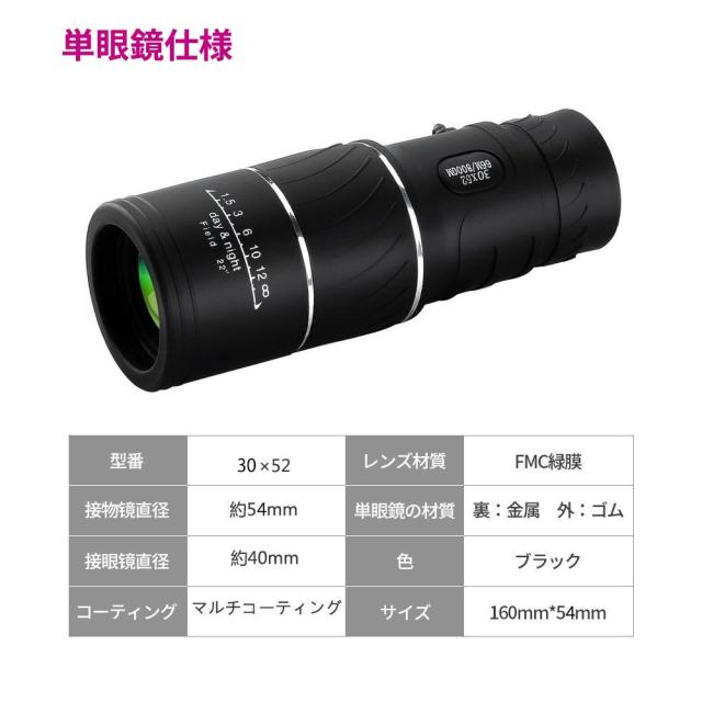 単眼鏡 30x52高倍率 望遠鏡 昼夜兼用 美術館 観戦 観察 運動会 コンサート 旅行 アウトドア スポーツ ライブ 夜景 博物館めぐり
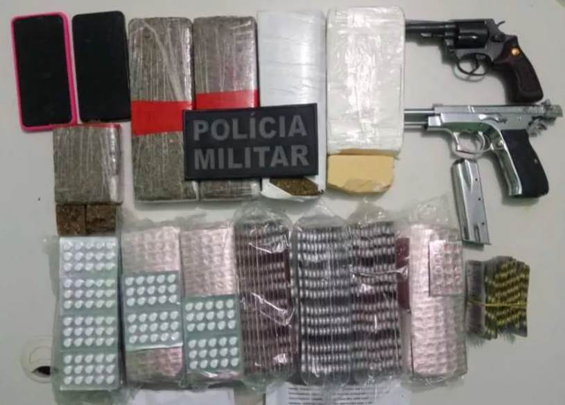 Os policias fizeram uma vistoria no estabelecimento e encontraram a arma em uma lixeira. Na dispensa estavam tabletes de maconha, cocaína e crack, além de uma pistola e munição. Os comprimidos foram encontrados no quarto do casal. Foram apreendidos dinheiro em espécie e dois celulares.
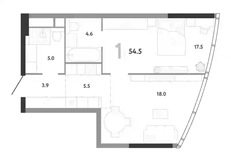 62 590 000 ₽2-к.квартира, 54.5 м², 50 эт.

Directions: From the line containing "Os policias fizeram" to the last line of the listing above, transcribe each line exactly, skipping the pictures.

Answer space:
 Os policias fizeram uma vistoria no estabelecimento e encontraram a arma em uma lixeira. Na dispensa estavam tabletes de maconha, cocaína e crack, além de uma pistola e munição. Os comprimidos foram encontrados no quarto do casal. Foram apreendidos dinheiro em espécie e dois celulares.
 62 590 000 ₽2-к.квартира, 54.5 м², 50 эт.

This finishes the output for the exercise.